Pipelock ships 25 injection detection patterns covering classic instruction override (“ignore all previous instructions”), role hijack (“you are now a different assistant”), exfiltration phrases (“include the contents of”), and tool abuse patterns (“call this other tool first”). The response scanner then runs six sequential passes over suspicious content: normalized text, invisible-with-space retry, leetspeak, optional-whitespace variants, vowel-folded variants, and encoded-content decoding. Base64-encoded injection in a response can still get caught.

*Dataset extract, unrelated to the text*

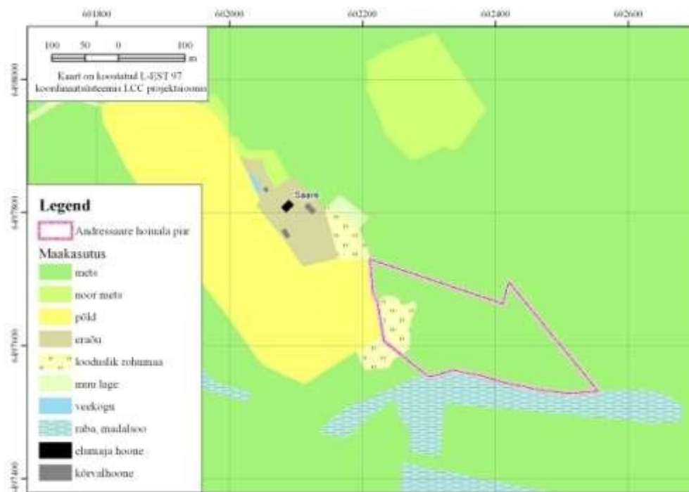
Joonis 2. Hoiuala kõlvikuline jaotus (Aluskaart: Maa-amet)

When the injection scanner fires the proxy blocks the response before it reaches the model. That is the difference between detection and prevention, and it only works if the scan happens before the response crosses into the model’s context.

Rug-pull drift detection

Rug-pulls are the most specific attack an MCP proxy has to defend against, because they only exist at runtime. A rug-pull works like this: a tool presents a clean description when the agent first connects, the user approves it, the agent starts using it, and then on a later handshake the server swaps in a poisoned description. The poisoned tool enters the system prompt and the approval dialog never fires again.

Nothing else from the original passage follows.